Actual versus projected cost avoidance for clinical pharmacy specialist-initiated medication conversions in a primary care setting in an integrated health system.

BACKGROUND: Primary care clinical pharmacy specialists (PCCPSs) are positioned to promote effective, safe, and affordable medication use. Documentation of performed interventions is difficult because the diversity of performed interventions in a variety of disease states in some practice settings. Validation of cost-avoidance projections is also difficult because traditional projection methods have several limitations.
OBJECTIVE: To (1) compare projected medication cost avoidance (MCA) to actual MCA for medication conversions related to hyperlipidemia, hypertension, depression, and chronic pain initiated by PCCPS, and (2) estimate medication discontinuation that might be attributable to serious adverse drug events (ADEs) possibly associated with medication conversions.

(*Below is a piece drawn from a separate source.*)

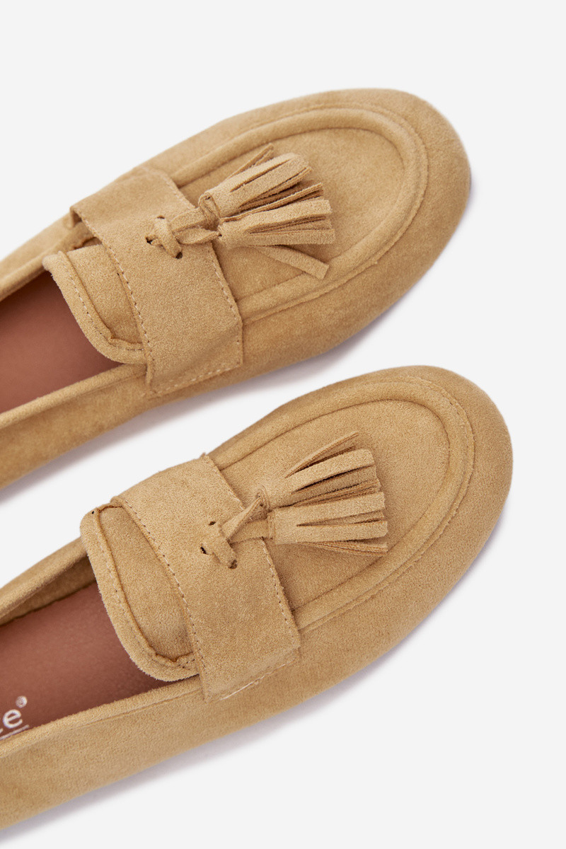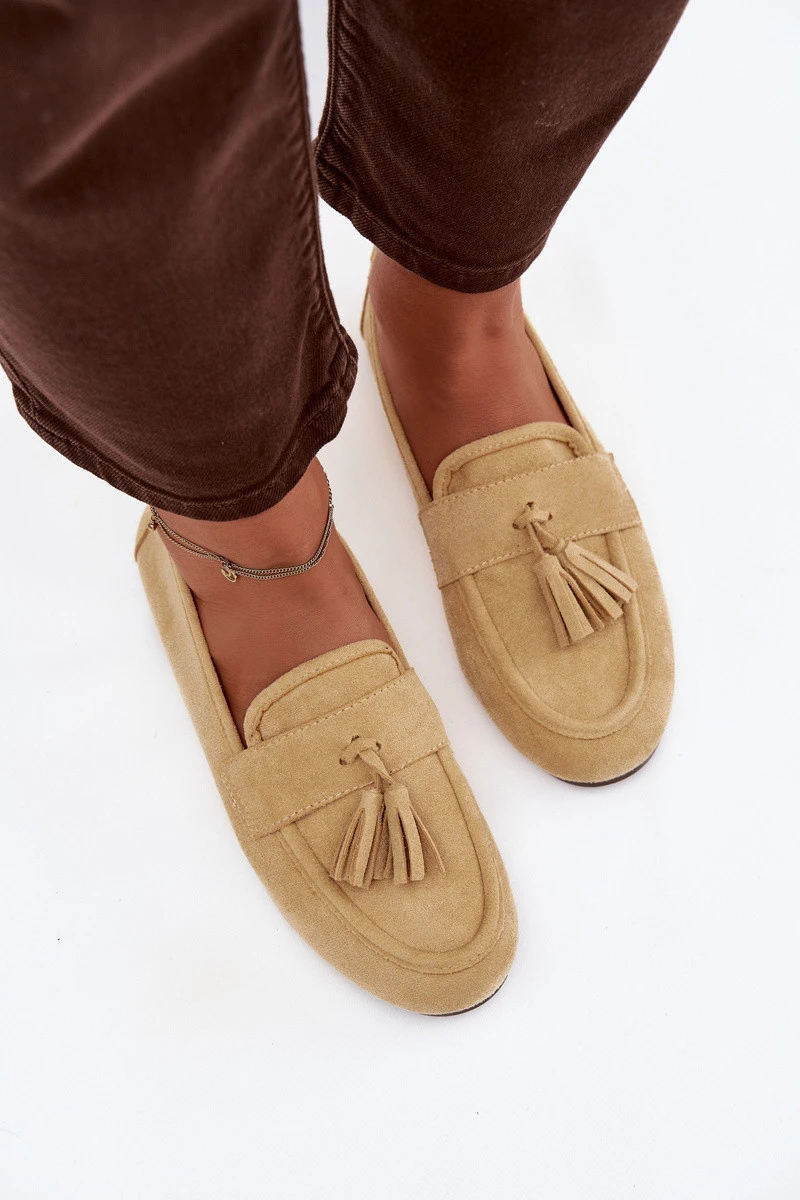 Ploché dámské mokasíny vyrobené z eko semiše jsou stylovou a pohodlnou volbou na každý den. Vepředu jsou dekorativní třásně a zavázání ve tvaru mašle. Měkký materiál zajišťuje pohodlí při nošení a plochá podrážka činí tento model ideálním pro každodenní použití. Mokasíny skvěle doplní jak klasické, tak i volnější stylizace. Při výběru velikosti se řiďte tabulkou velikostí.

METHODS: This was a retrospective, longitudinal study conducted in a not-for-profit, integrated health system comprising approximately 470,000 members. Using a portable documentation tool, PCCPSs recorded projected annual MCA for medication conversions in 4 disease conditions (i.e., hypertension, dyslipidemia, depression, and chronic pain) in the 6-month period from December 1, 2003, through May 31, 2004. Actual annual MCA for these interventions for a 1-year follow-up period was calculated using integrated, electronic data from an administrative pharmacy database. Comparisons were made between projected MCA and actual MCA. Cost was defined as actual drug acquisition cost. In addition, an assessment of serious ADEs potentially related to the conversions was undertaken by reviewing electronic medical records of converted, nonpersistent patients.
RESULTS: There were 704 medication conversions for 656 patients, of which 47 (6.7%) were for members who disenrolled in the health plan during the 12 months following the medication conversion date. The total projected MCA was $327,337 in 2004 dollars, or an average of $465 per conversion. For the 657 medication conversions in 609 patients that were evaluable (i.e., the member remained enrolled through 12 months follow-up), 466 (70.9%) persisted at 12 months, 138 (21.0%) discontinued the medication or converted to an alternative therapy, and 53 (8.1%) reverted to the original medication. Drug cost information was not available for some members, leaving approximately half (n = 331, 50.4%) of the 657 evaluable medication conversions with complete cost information available. For these 331 conversions, the overall projected MCA overestimated the actual MCA by 14.1% ($24,888 in aggregate or an average of $75 per conversion, P < 0.001). For persistent medication conversions with complete cost information (n = 278), the projected MCA ($160,225) was not significantly different compared with the actual MCA ($166,546, P = 0.477). For medication conversions that reverted to previous therapy (n = 53), the projected MCA ($41,644) overestimated by 4-fold the actual MCA ($10,435, P < 0.001). There were no emergency department visits or hospital admissions related to nonpersistent medication conversions. Compared with patients who were either nonpersistent or disenrolled at the 12-month follow-up, persistent patients did not significantly differ in chronic disease score but were slightly older (mean = 62.6 years, standard deviation = 13.1 for persistent patients vs. 59.2 [SD = 15.5] for nonpersistent or disenrolled patients).
CONCLUSIONS: Projected medication cost avoidance for pharmacistinitiated medication conversions is valid for the 66% of medication conversions that persist but not for nonpersistent conversions or for patients who leave the health care system. The projected medication cost avoidance overestimated the actual cost avoidance by approximately 14%, suggesting that there is opportunity for improvement in the tool used to document medication conversions to more accurately measure cost outcomes from clinical pharmacy interventions.